We can generate a LaTeX expression of the simplified minimizer

display("text/latex", ex)

\cos\left(\left(0.359+\left(\left(0.157+\left(\left(-0.066+\left(0.713x\right)\right)\sin\left(x\right)\right)\right)*\sin\left(x\right)\right)\right)\right)

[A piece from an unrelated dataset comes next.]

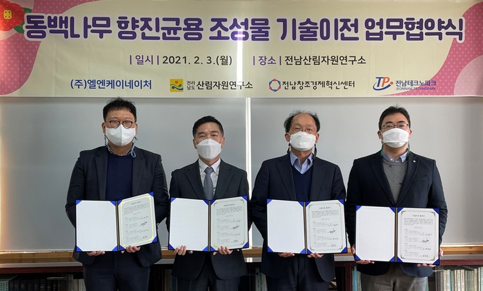[로컬세계 한세혁 기자]전라남도산림자원연구소는 지난 3일 여수 소재 ㈜엘엔케이네이처(대표 김광진)에 ‘동백나무 항진균용 조성물’ 기술을 이전했다고 4일 밝혔다.
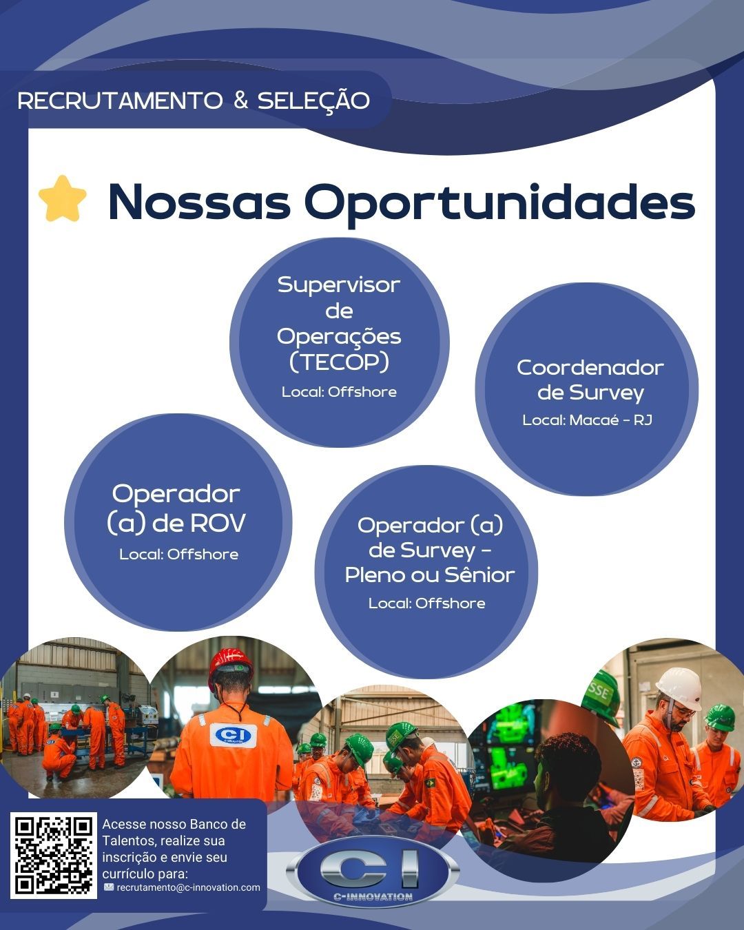 A C-Innovation, empresa referente en el sector de robótica submarina y servicios offshore, tiene nuevas oportunidades abiertas para profesionales que desean participar en proyectos desafiantes en el mar y en tierra. Las vacantes contemplan posiciones para Supervisor de Operaciones (TECOP), Operador(a) de ROV, Operador(a) de Survey Pleno o Sénior, y Coordinador de Survey — este último ubicado en Macaé (RJ).

Thus, the simplified expression is the following:

$$cos\left(\left(0.359+\left(\left(0.157+\left(\left(-0.066+\left(0.713*x\right)\right)*sin\left(x\right)\right)\right)*sin\left(x\right)\right)\right)\right)$$

We can plot resulting function along with original data

plot(xs, ys, label="Original")
plot!(xs, ex.(xs), label="Predicted")

png

You can find the corresponding Jupyter notebook in the Evolutionary package repository.